In a landscape marred by massive cuts to science funding, the Hakai Institute on British Columbia’s Central Coast represents an alternative paradigm in research funding. For UVic ethnobotanist Dr. Nancy Turner, “it’s like a dream come true.”
The Hakai Institute is a privately funded research institute founded in 2009 by the Tula Foundation, a B.C.-based foundation created and funded by Dr. Eric Peterson and Christina Munck. The Institute is a research and teaching organization that aspires to produce high-quality Long Term Ecological Research (LTER) in the region located between the northern tip of Vancouver Island and the southern tip of Haida Gwaii. The Institute’s field station on Calvert Island lies at the center of the region.
The Hakai Institute goes against the current in terms of the research it funds. The demands of an academic career (known colloquially as “publish or perish”) drive many scholars to pursue short-term research, while funding dependencies often limit the longevity of longer term projects. Competition between scientists for ever-scarcer research grants stifles collaboration, while industry increasingly directs the research that is funded.
The Hakai Institute stands in opposition to such trends, assembling multidisciplinary research teams to address long-term research projects rooted deeply in place. Perhaps most compelling of all, it is science directed by scientists. While Peterson and Munck (both scientists) have set the parameters for the research they support, Turner reports that “everything is more or less done by consultation and it’s very collaborative and there’s no competition at all.”
The stable source of funding provides an ideal environment for conducting ecological research that is committed to the long term. When asked if the research would be possible without the support of the Tula Foundation, Dr. Turner noted: “The research that’s going on there is definitely much richer and more dense than could be done without that funding. They’ve just supported the research in a whole lot of different ways, by providing equipment and a base for people to live in while they do research on the central coast.”
They have also supported research and teaching in B.C. through the support of more than 50 postdoctoral fellowships and dozens of postgraduate fellowships, in addition to creating 11 faculty positions and 3 research chairs—including Dr. Turner’s 5-year appointment as Hakai Chair in Ethnoecology. Furthermore, as Dr. Turner said with delight, “Just about every school child on the central coast has been to the Hakai [Institute] as a biology learning experience.”
While the funding provided through the Tula Foundation should not be undervalued, Dr. Turner hinted at another key ingredient to the success of the Hakai Institute: community. The Institute collaborates with the local Heiltsuk Nation, hiring “local people to run the boats and supports people being interviewed and doing transcripts.” The Institute also fosters deep integration of those scientists—including Peterson himself—jointly tackling complex research projects .
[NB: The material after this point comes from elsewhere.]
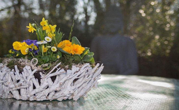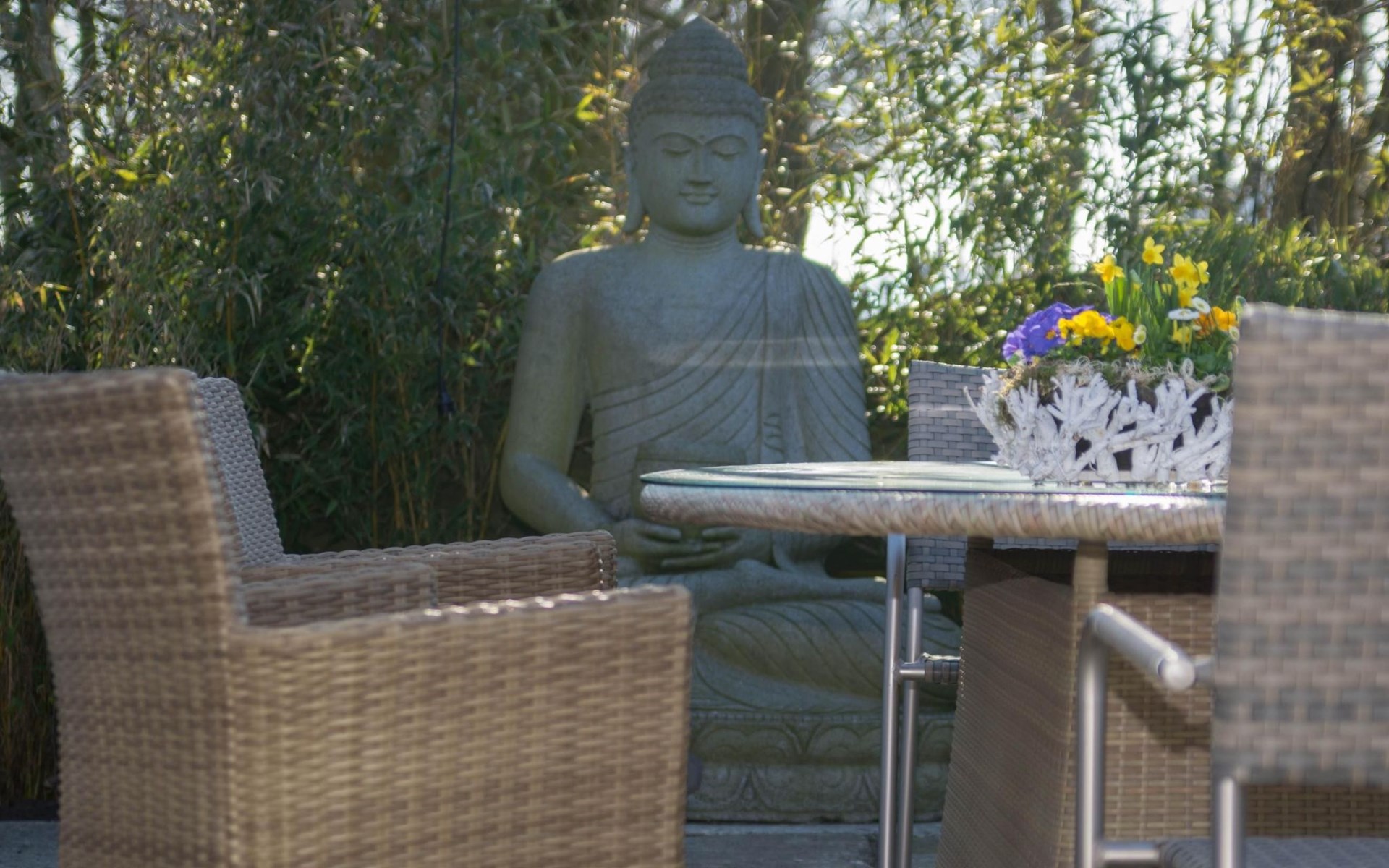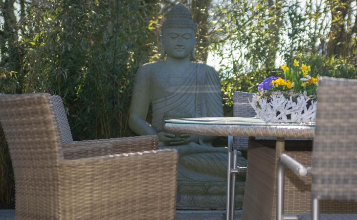 Morgens scheint die Sonne herrlich auf die eigene 40 m² große Terrasse. Hier lässt es sich prima frühstücken unter dem weiten Himmel Nordfrieslands. Eine Besonderheit ist der sitzende Buddha im Garten. Er strahlt die Ruhe und Gelassenheit aus, die Sie bestimmt in dieser schönen Umgebung finden werden. Am Haus sind weiterhin zwei Autostellplätze sowie ein Schuppen für Fahrräder vorhanden.

Not simply a disinterested financier of the research, Turner noted that Peterson has “been involved in the planning of [the research] right along.” As well, he “was at the original meetings and he’s there when people come and go and do the sampling and the research,” Turner said. As for Munck, not only is she a biologist involved in the operation of the Institute, Turner reports, she “is also a wonderful artist.”
By providing both the funds for scientists to pursue their research, and the deep sense of community from which to engage in that research, it is not surprising that Turner suggests “it has really been just wonderful for all of us.”